Example: Skip empty results
{
"id": "check_data",
"type": "condition",
"name": "Has Data?",
"config": {
"expression": "row_count > 0"
}
}Connect two downstream paths:
- True branch: process and sink the data
- False branch: send an alert or log a warning
Example: Full pipeline with branching
JSON
{
"nodes": [
{"id": "src", "type": "source_api", "name": "Fetch Orders", "config": {"url": "https://api.example.com/orders"}},
{"id": "cond", "type": "condition", "name": "Any Orders?", "config": {"expression": "row_count > 0"}},
{"id": "process", "type": "transform", "name": "Process Orders", "config": {"rules": [{"type": "drop_columns", "columns": ["internal_id"]}]}},
{"id": "notify", "type": "sink_api", "name": "Notify Empty", "config": {"url": "https://hooks.slack.com/...", "method": "POST"}}
],
"edges": [
{"from": "src", "to": "cond"},
{"from": "cond", "to": "process"},
{"from": "cond", "to": "notify"}
]
}Python SDK
from brokoli import Pipeline, source_api, condition_node, transform, sink_api
with Pipeline("order-processing") as p:
src = source_api("Fetch Orders", url="https://api.example.com/orders")

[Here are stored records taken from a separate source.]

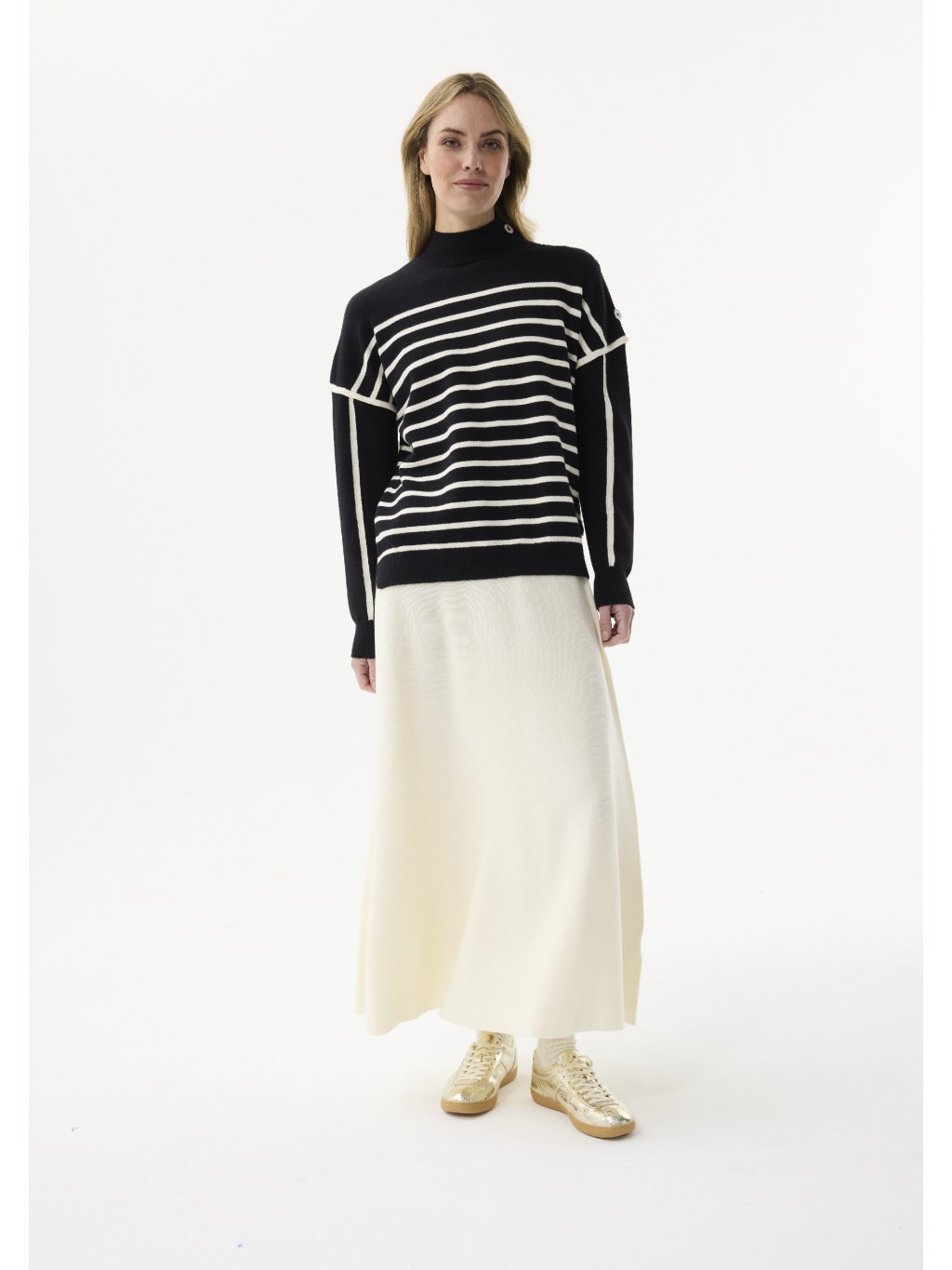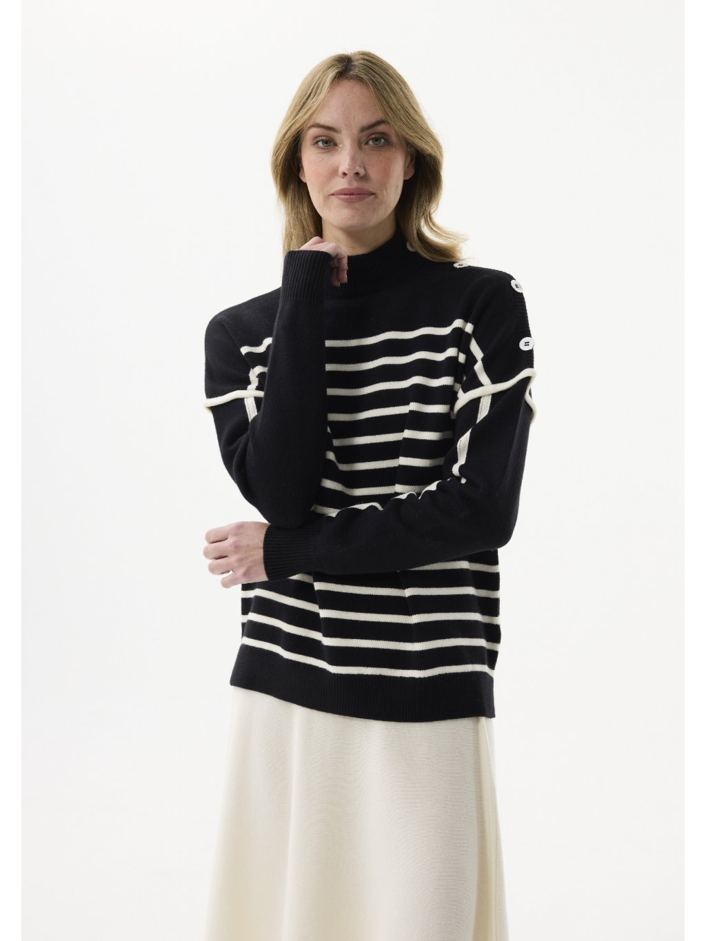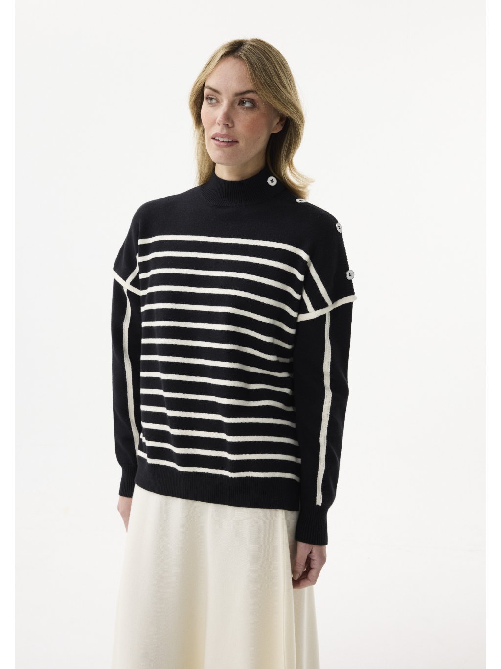Nadčasový pruhovaný úplet v kombinaci černé a smetanové barvy. Moderní střih se stojáčkem doplňují ozdobné knoflíky na rameni a rukávech,které dodávají modelu osobitý francouzský šmrnc. Ideální pro elegantní i casual styling.
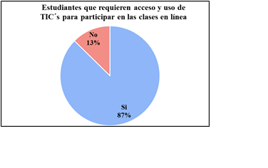 A grandes rasgos, se asumió que todos los estudiantes tendrían acceso y uso de las TIC para aplicarlas en sus procesos de aprendizaje; sin embargo, la realidad demostró que solo 2 de cada 10 estudiantes de licenciatura tenían esa restricción, por lo que se consideraba que esos estudiantes que tenían esa restricción se apoyarían en sus compañeros que podrían accesar a las clases virtuales sin problema; aun y que se reconocía que el 87% de los estudiantes requerirían el uso y acceso de las TIC para llevar a cabo las clases virtuales.
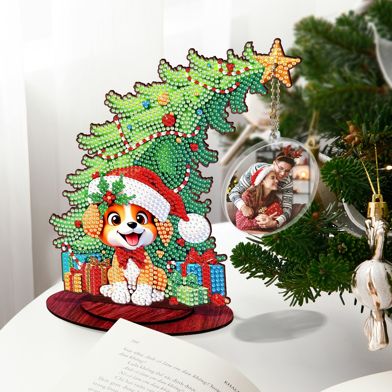 Dog Photo Xmas Tree 5D DIY Diamond Art Tabletop Wood Decoration Ornament Kit
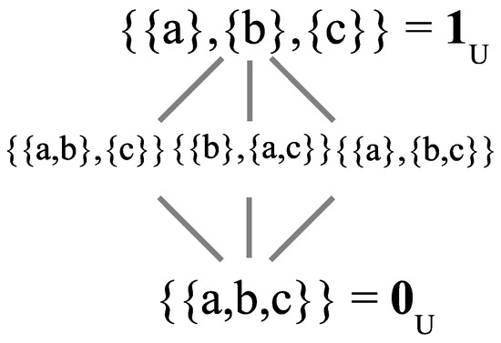 The simplified model provides a ‘skeletal’ model of both classical and quantum reality in the partition lattice (e.g., Figure 2, Figure 3 and Figure 4, Figure 7 and Figure 9). Using an iceberg metaphor, the tip of the iceberg ([35], p. 3) above the water represents the classical world with the unseen quantum world under the water. In the lattice of partitions, that “tip of the iceberg” is the top of the lattice, the discrete partition , with only singleton blocks and thus fully distinguished or classical states with no superposition. Accordingly, the discrete partition gives the partition logic version of the PII as the characteristic of classicality:
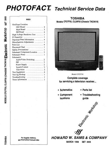 Download TOSHIBA CF27F50 (Chassis TAC9618) Serviceanleitung Englisch (17 Seiten) 15.90 EUR
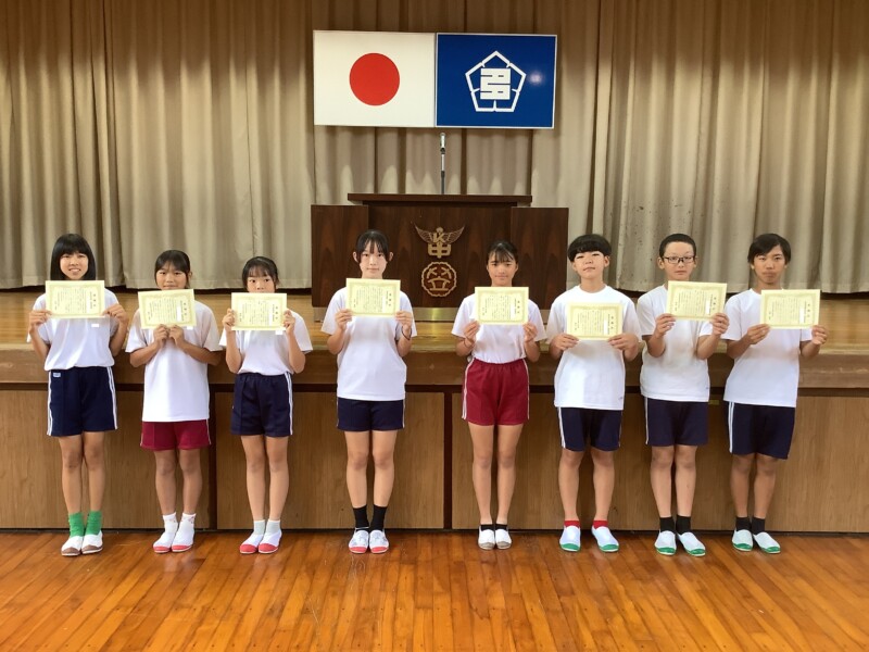 そして前期の間、児童生徒会や委員会活動で「新しい学校づくり」に向けて力を注いでくれたみなさんに感謝状を贈りました。
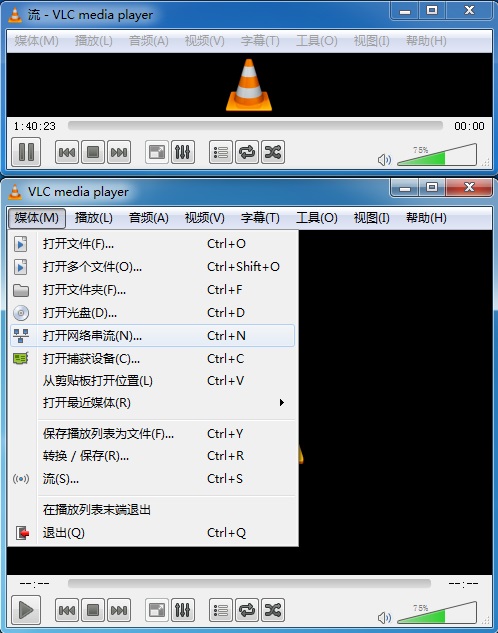10.此時,另外打開一個VLC播放器,選擇“打開網(wǎng)絡串流(N)…”菜單
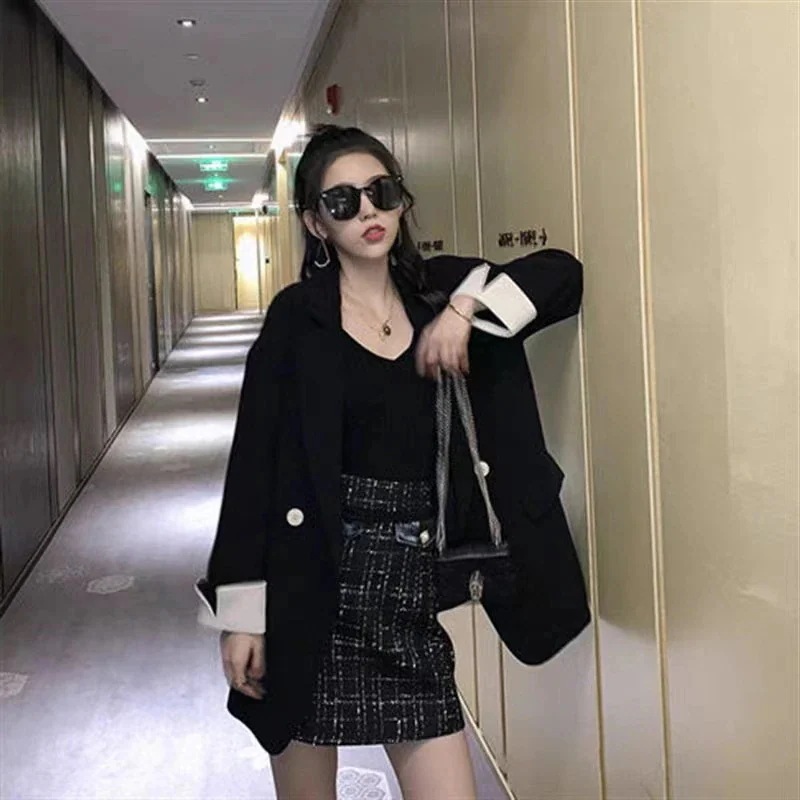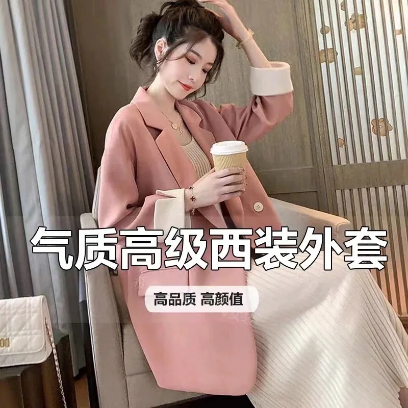 韓国風ピンクのショートジャケット 女性用ダブルボタンゆったりシルエット 春秋用カジュアル万能トレンチコート・スーツカラージャケット・ウールコート

check = condition_node("Any Orders?", expression="row_count > 0")
process = transform("Process", rules=[
{"type": "drop_columns", "columns": ["internal_id"]}
])
notify = sink_api("Notify Empty", url="https://hooks.slack.com/...")
src >> check
check >> process # true branch
check >> notify # false branchCombining with quality checks
A common pattern is to run a quality check and branch based on the result:
[Source] -> [Quality Check] -> [Condition: passed?] -> [Sink]
-> [Alert]This gives you fine-grained control over what happens when data quality assertions fail with on_failure: "warn" mode.